啪嗒一聲,風尋手中喝湯的勺子就那麽砸餐桌上。


    “不是,老夙,你昨晚偷人去了?這麽憔悴呢?”


    他印象中的夙蘭夜,從來都是泰山崩於前而麵不改色,無論何時何地,從來都是自律得可怕。


    哪會像現在這樣,一臉憔悴,萎靡不振的頹廢樣。


    盛世要破產了嗎?


    他的天要塌了嗎?


    陳嬸也聞聲趕來,擔憂道,“大少爺,是身體不舒服嗎?”


    夙蘭夜搖頭,嗓音沙啞得厲害,“不是,陳嬸你待會兒做點清淡的給……算了,溫著吧。”


    陳嬸眼神閃爍著,點了點頭,“哎。”


    她怎麽瞧著,大少爺今天有點不對勁啊?


    莫不是小兩口拌嘴了?


    不行,她得給老爺子透透氣。


    夙蘭夜拉開椅子,和風尋相對而坐,欲言又止。


    風尋尋思著,這可不像是他一慣作風。


    “老夙,心裏有事呢?”


    偷人這種事情,他也就隨口一說調侃調侃罷了。


    夙蘭夜是什麽人,他再清楚不過。


    風尋,“你有事說事,婆婆媽媽幹什麽?”


    夙蘭夜用指腹揉著眉心,不知該如何開口。


    想著想著,耳尖莫名紅了紅。


    風尋,“老夙,你有病吧?”


    對著他這麽一個大男人,別扭個什麽勁,還搞純情那一套呢?


    要不要照個鏡子瞅瞅,他耳尖和臉紅得跟猴子屁股似的。


    想到了什麽,風尋一個激靈,腳蹬向桌腿,和夙蘭夜拉開了距離。


    “你什麽意思?”夙蘭夜一臉嫌棄,“你那什麽表情?”


    “不是……我……”風尋吞吞吐吐,說不出個所以然來。


    畢竟是金主爸爸,他也不敢什麽話都往外說是吧?


    不過想到另一層身份,風尋腰杆子又硬了。


    他往後吹吹風,夙蘭夜指不定得仰仗他鼻息過活呢。


    風尋的神情轉換太快,快到夙蘭夜覺得他今天有點神經。


    夙蘭夜尋思也沒時間和他浪費,直言道,“撕裂的藥你那有沒有,給我拿點。”


    聽到藥,風尋也秒變專業,詢問,“哪裏撕裂?”


    “你受傷了?”


    夙蘭夜低垂著眉眼,不耐煩道,“不是我,你就說有沒有,哪那麽多廢話?”


    “嘿!”風尋瞬間來氣了,“不問清楚哪裏受傷,我怎麽給你拿藥?”


    “你當我神算子呢,掐指一算就知道你要哪種藥?”


    “我又不是那個肚子裏的蛔蟲。”


    夙蘭夜眉頭緊皺,“別惡心。”


    “就是,可能,大概性生活不太和諧,撕裂那種藥。”夙蘭夜臉紅氣喘將話完整說了出來。


    風尋聽完,心裏一萬頭草泥馬在奔騰。


    他忍了又忍,忍了又忍……


    夙蘭夜問,“沒有?”


    終於忍不住了。


    “我草你大爺。”風尋一拳打在夙蘭夜臉上。


    夙蘭夜雖然反應極快,但也架不住風尋出其不意。


    他身手不差,風尋也不賴。


    “風尋,你有病吧?”


    說著,兩人直接在客廳打了起來。


    夙蘭夜心裏不痛快,風尋也是,兩人都要撒氣。


    乒鈴乓啷一陣作響之後,陳嬸從廚房出來,驚詫道,“大少爺,風先生,你們倆這是幹嘛?”

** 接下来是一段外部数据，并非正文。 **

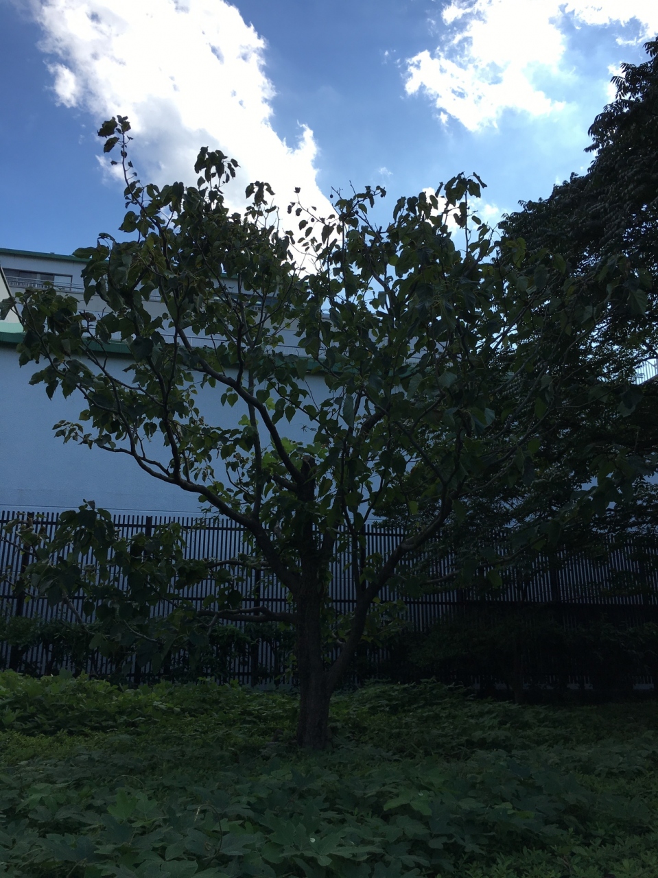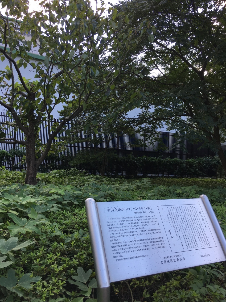 礫川公園内の草が生えたエリアにあり近くには行けなく、少し離れたところから見学です。細い枝からいくつも枝がわかれていてどこにでもあるような木でした。説明看板があるので目を引きますが特に特徴がない木でした。

    “陳嬸,沒你事!”風尋擦了一把嘴裏的血跡說道。


    夙蘭夜凝眉,“陳嬸,沒事。”


    風尋挑釁,“去拳擊室?”


    他心裏有口氣,咽不下去了。


    夙蘭夜輕嗤一聲,“怕你?”


    他正好有氣沒出撒呢。


    說完,兩人一前一後進了拳擊室,都放開了手腳打,誰也不讓誰。


    最後累倒在地上,氣喘籲籲。


    當然,累倒的人是風尋。


    夙蘭夜還沒盡興,“再來。”


    風尋白了他一眼,“你有病。”


    “嗯。”夙蘭夜難得沒反駁他,“犯病了。”


    夙蘭夜伸出手,將風尋拉了起來。


    “有煙嗎?”


    “我抽一根。”


    風尋也不含糊,從兜裏掏出煙盒,抽了一根給他。


    夙蘭夜咬著煙蒂,而後深深吸了一口,吞吐煙霧。


    縱然尼古丁的味道,也麻痹不了他體內的神經。


    非但沒有緩釋情欲,反而越來越煩躁。


    有些事,風尋不問,夙蘭夜也不說。


    當然了,問了他也不會說。


    有些事,隻怕就連夙老爺子,他都瞞著呢,又怎麽會告訴他這個外人?


    夙蘭夜將未燃的半支煙掐滅,丟在煙灰缸裏。


    “實驗遇到瓶頸了?”夙蘭夜問。


    他了解風尋,知道他每次隻有這個時候才會異常煩躁,想打架。


    就像今天,不由分說地,就想揍人。


    橫豎他也想,打架嘛,不在乎就是揍與被揍。


    他今天想揍人,也想被揍。


    風尋沒回答他,反而又吸了一大口煙。


    最後他從實驗室裏拿了支藥膏遞給夙蘭夜,還特意交代,“塗抹患處,早晚各一次,未痊愈之前,禁止同房,以免發生感染。”


    夙蘭夜接過藥膏,“嗯”。


    見夙蘭夜要走,風尋還是將話問了出口。


    “你愛上洛知知了?”


    “不清楚。”說完,夙蘭夜頭也不回直接離開。


    不是愛,也不是不愛,而是不清楚。


    風尋留在原地,手指攥緊。


    臥室的窗簾是深色的,即使是大白天,也和晚上一個模樣。


    夙蘭夜沒開燈,一路走至床間,坐了下來。


    洛知知還沒醒過來的跡象。


    他摁了下開關,將壁燈打開。


    淡淡的暖黃色瞬間籠罩著整個房間。


    他坐在床上,用手撕開藥膏外包裝,擠了點在食指上。


    然後跟個小偷一般,像是要做賊,悄悄掀開了被子一角,心跟著揪疼了。


    他盡量放輕動作,用手指塗抹藥膏。


    塗著塗著,他眸子愈變愈深,呼吸跟著急促起來。


    昨晚發生的一幕幕像是電影回放,充斥在他整個腦海中。


    從開始的不得要領,滿頭大汗,到後麵的意猶未盡,深陷其中。


    有些東西於男人來講,就是無師自通。


    關於情欲,他以前是不屑一顧的,而現在,卻是食之髓味。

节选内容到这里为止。